So I had a nice Canon EOS 300D (Digital Rebel) SLR camera, but I wasn't too happy with it. Even though it's one of the best digital SLRs among the affordable models (say, below EUR 1.500), it's not up to par with a middle-class conventional SLR that you can get for a fraction of the price. The viewfinder is tiny, and I hear that the updated 350D model has an even smaller one. What, if not for better control of the picture in the viewfinder, would I want to buy an SLR for?
Sure, I can use Canon AF lenses with it. But when I wanted to hook up that cheap old Sigma lens, the camera just gave me an "Error 99" and shut down. My once expensive, digitally controlled Metz Flash, strong enough to light up a cathedral, doesn't work at all with it.
So I shot a lot of pretty pictures with my 300D Rebel. And now, concentrating more on work things, I just watched the cameras value depreciate. It's losing maybe EUR 350 in value in a year -- do I save that much by not using film?
No! And I don't even have a super-great camera; just some respectable but amateur-level body. Conclusion: Camera goes to ebay, David bought a very cheap analog Canon EOS50E (nothing great, but good value) and in a year's time, I'll check the market again.
Posted by dr at 6:01 PM | Comments (0) | TrackBack
April 11, 2005
Send e-mail everywhere with Postfix - thanks guys!
Look what I received from Indonesia the other day...
It's an amazing tutorial from You Dave
http://www.david-reitter.com/software/osxpostfix.html
It works and very useful.
Thanx a lot, pal.
And I've been getting a lot of these over the past 12 months. I've written a tutorial that explains how to activate Postfix on a Mac, which allows you to send e-mail with your normal mail program from everywhere - when from a hotel, or an airport wireless LAN, from where you normally can't send e-mail because you can't get through to a heavily protected company e-mail server.
Keep the comments flowing, guys - they are really motivating!
Posted by dr at 7:46 PM | Comments (0) | TrackBack
April 8, 2005
Ryanair: Don't go to Hahn at night, and other tips
Ryanair has revolutionized the European market for shorthaul and mid-range flights. Just like a number of budget-airlines, they offer flights starting from around 20 EUR (one-way, incl taxes) to European destinations. Avoiding the big airports and going to places that are an hour away from the real hotspots, they save on landing fees. Ryanair offers 'no-frills' service: no free scotch, no newspapers, and seats that sometimes don't recline.

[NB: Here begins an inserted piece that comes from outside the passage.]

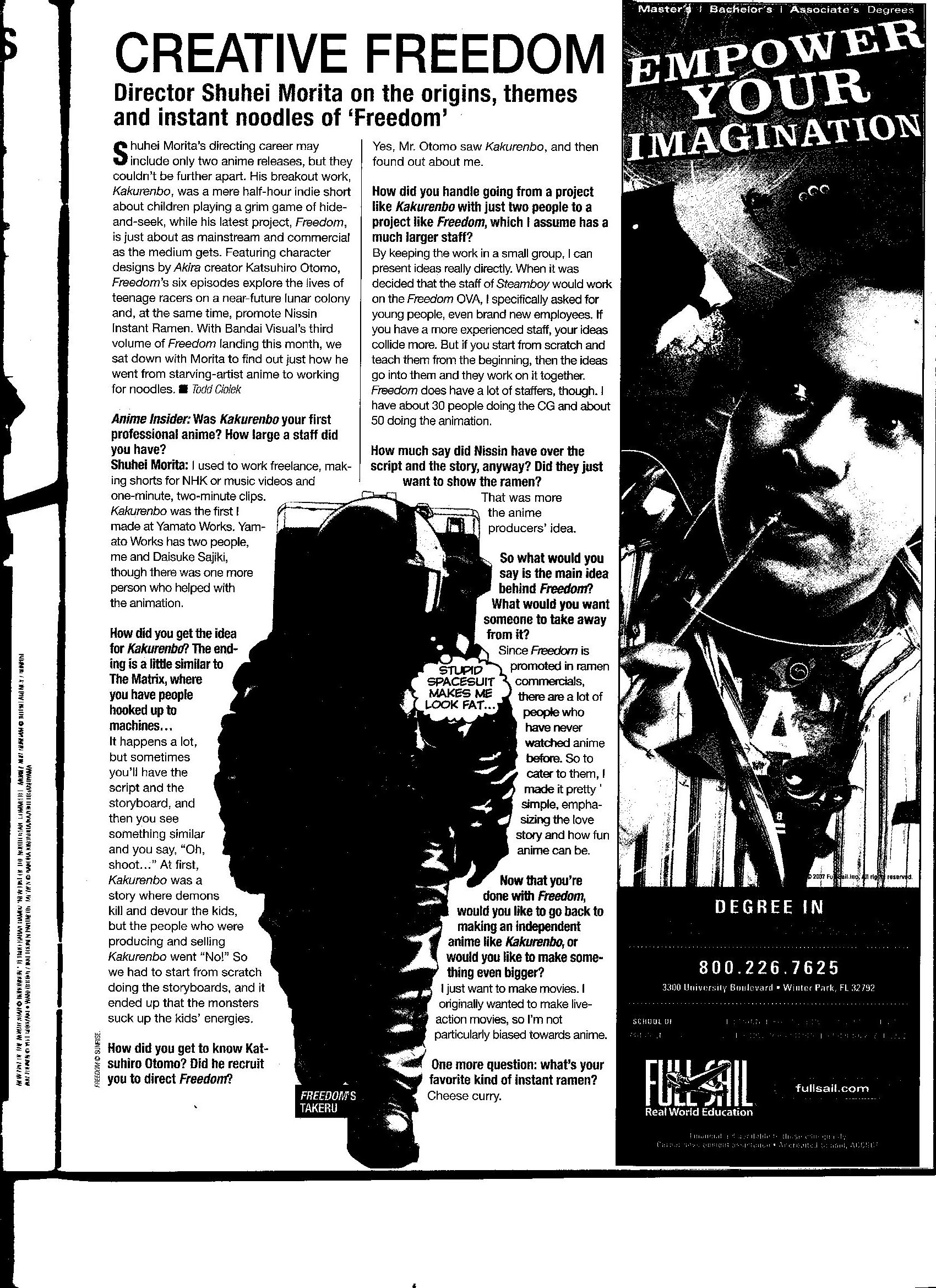 Via Anime Insider: Shuhei Morita (December 2007) Posted on December 13, 2014 by torisunanohokori Director Shuhei Morita talks about working on Kakurenbo with an extremely small staff, specifically assembling a young staff for Freedom, and catering to his “ramen commercial” audience. Share this: Click to share on X (Opens in new window) X Click to share on Facebook (Opens in new window) Facebook Like Loading...

I really like not having to pay for my neighbor's love of Scotch and Bloody Marys. Ryanair seems to be cheap. But what's the actual cost of taking Ryanair? Here's a bit of anecdotal evidence and a few tips for European travellers.
What we need to keep in mind: for the passenger, it's the door-to-door journey that counts. Getting to a lonesome airport on the country-side won't help me. I went to a couple of places recently with Ryanair. Here's what I learned.

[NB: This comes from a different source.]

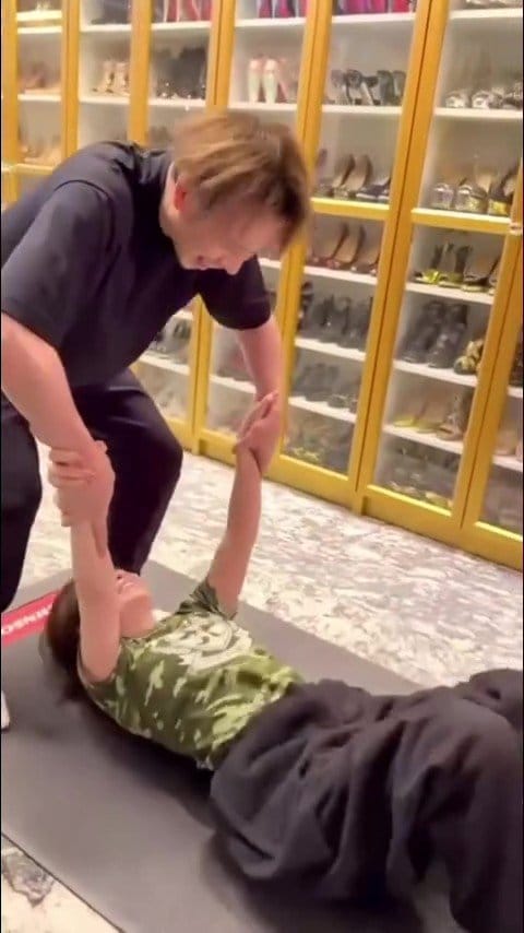 動画では、床に仰向けになった浜崎さんがスタッフの腕をしっかりと掴み、腕の力と体の動きを駆使して体を引き上げようとします。

Ryanair Flight Edinburgh to Dublin, February '05:
- B737, looks old and flies accordingly. Wow, what a hard landing!
- Brrr, nice cold and rainy. "Great Gangway", I smile at the flight attendant after I climb up the back steps, getting soaked.

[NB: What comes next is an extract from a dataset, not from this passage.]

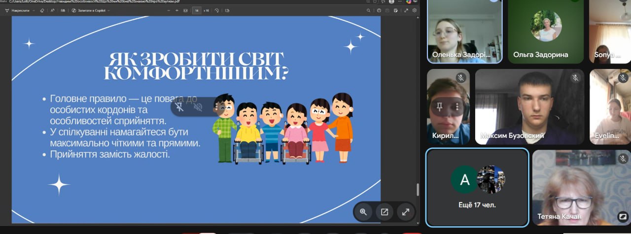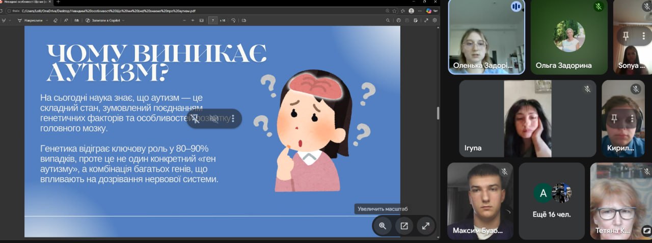Чи знаєте ви, що аутизм — це не хвороба, а інший «код» сприйняття дійсності? 2 квітня, у Всесвітній день поширення інформації про аутизм, за ініціативи викладачів комісії фізико-математичних дисциплін Качан Т.В. та Задоріна В.В. було проведено онлайн-зустріч зі студентами та викладачами коледжу «Невидимі особливості: що ми (не) знаємо про аутизм», щоб зробити цей світ зрозумілішим.

- Apart from the usual and annoying security briefing and their even more stupid I shall be dimming the cabin lights, they bother me with no less than three announcements about duty free shopping, pay-snacks and lottery tickets. I hate it!
Ergo: unpleasant flight, but cheap enough.
For my next flight, I get good and super-expensive noise-cancelling earphones for my iPod, so I don't have to listen to the flight attendants any more. (Yeah! Don Quixote wins again!)
Another bumpy Ryanair Flight to "Frankfurt" Hahn, March '05:
- Looks like it won't cost me more time than going 'British Airways': they operate a direct flight that I can afford, and BA's stopover in Heathrow would cost more time - even considered those 2 hours I waste getting to Glasgow Prestwick extra-early.
- Prestwick airport parking is dead expensive. I spend 16 UK pounds (about 25 dollars) for an extended weekend. Plus the gas to get there!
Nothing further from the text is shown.